Description of the task: The copy you return should hold only the lines from the top of the data below through the line with "brown detachable shearling", each duplicated exactly and with no pictures.

Data below:
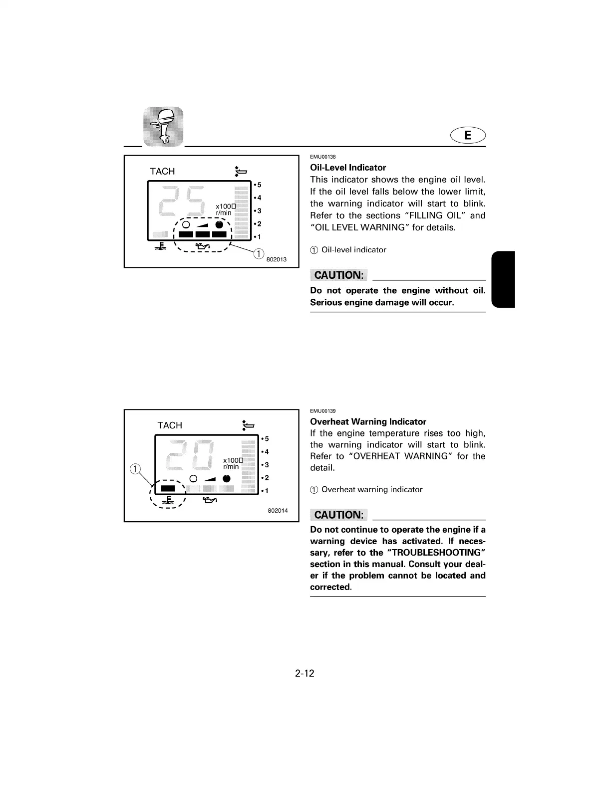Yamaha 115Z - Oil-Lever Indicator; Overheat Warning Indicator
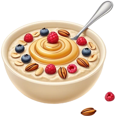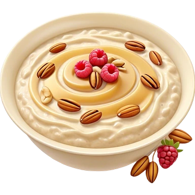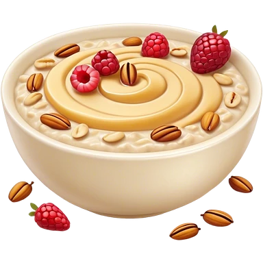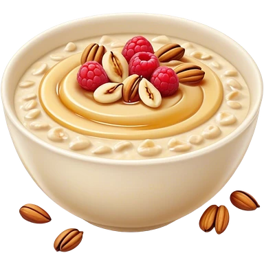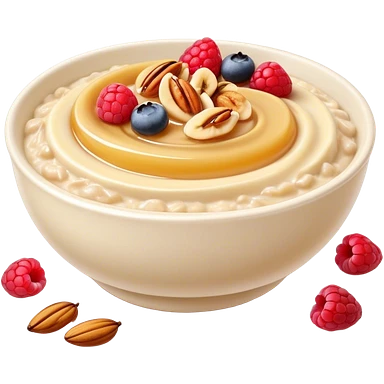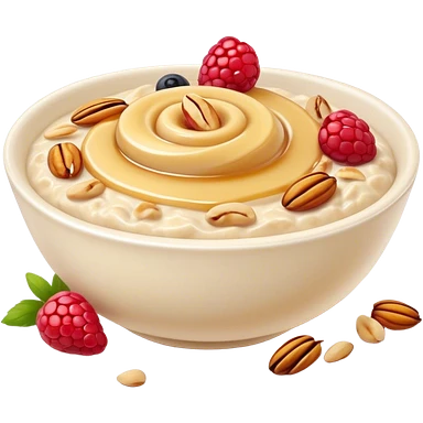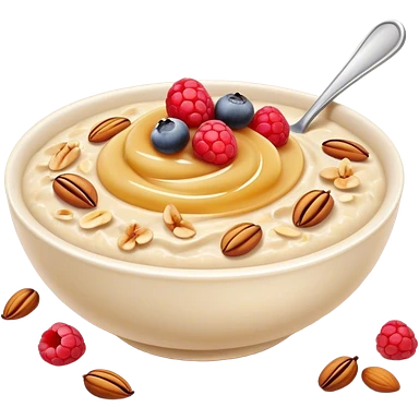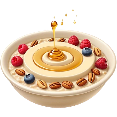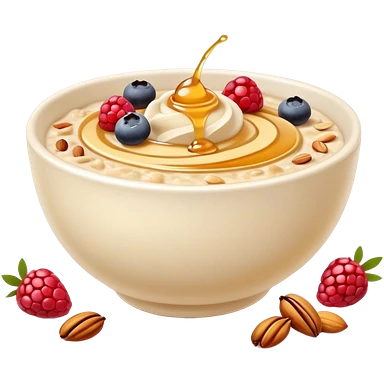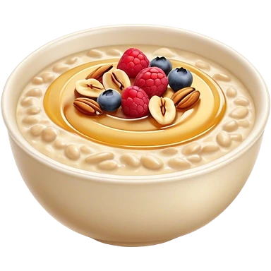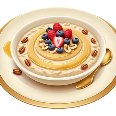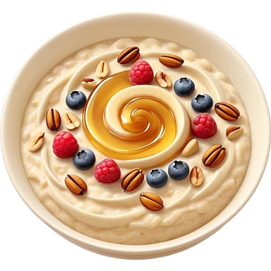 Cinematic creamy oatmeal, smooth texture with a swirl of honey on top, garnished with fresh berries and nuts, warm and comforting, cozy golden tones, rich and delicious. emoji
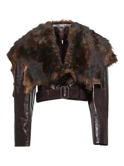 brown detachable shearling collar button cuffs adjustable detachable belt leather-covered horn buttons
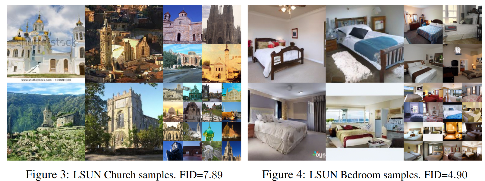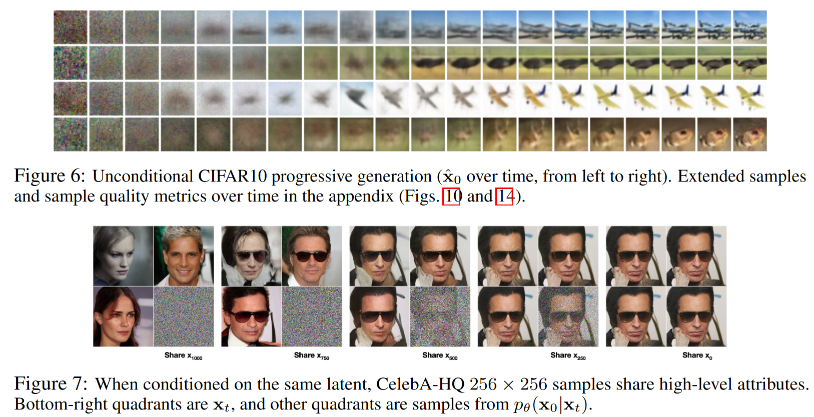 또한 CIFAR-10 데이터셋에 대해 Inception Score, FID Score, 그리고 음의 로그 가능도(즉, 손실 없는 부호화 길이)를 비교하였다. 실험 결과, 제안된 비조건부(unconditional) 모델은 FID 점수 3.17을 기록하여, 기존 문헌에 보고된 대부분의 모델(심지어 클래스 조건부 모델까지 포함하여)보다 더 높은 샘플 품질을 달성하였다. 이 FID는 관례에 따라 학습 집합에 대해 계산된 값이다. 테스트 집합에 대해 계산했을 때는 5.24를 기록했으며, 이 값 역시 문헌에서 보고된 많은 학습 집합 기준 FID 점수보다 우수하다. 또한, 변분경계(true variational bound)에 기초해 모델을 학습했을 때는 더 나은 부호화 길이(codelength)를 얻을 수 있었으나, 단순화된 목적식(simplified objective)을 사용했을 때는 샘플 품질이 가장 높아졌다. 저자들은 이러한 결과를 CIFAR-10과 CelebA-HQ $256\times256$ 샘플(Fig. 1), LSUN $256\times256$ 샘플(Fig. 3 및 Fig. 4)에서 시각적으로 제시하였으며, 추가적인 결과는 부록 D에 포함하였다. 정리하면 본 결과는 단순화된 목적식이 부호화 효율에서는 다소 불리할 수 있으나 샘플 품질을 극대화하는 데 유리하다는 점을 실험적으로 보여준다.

Solution:
Yamaha 115Z - Oil-Lever Indicator; Overheat Warning Indicator
 Cinematic creamy oatmeal, smooth texture with a swirl of honey on top, garnished with fresh berries and nuts, warm and comforting, cozy golden tones, rich and delicious. emoji
 brown detachable shearling collar button cuffs adjustable detachable belt leather-covered horn buttons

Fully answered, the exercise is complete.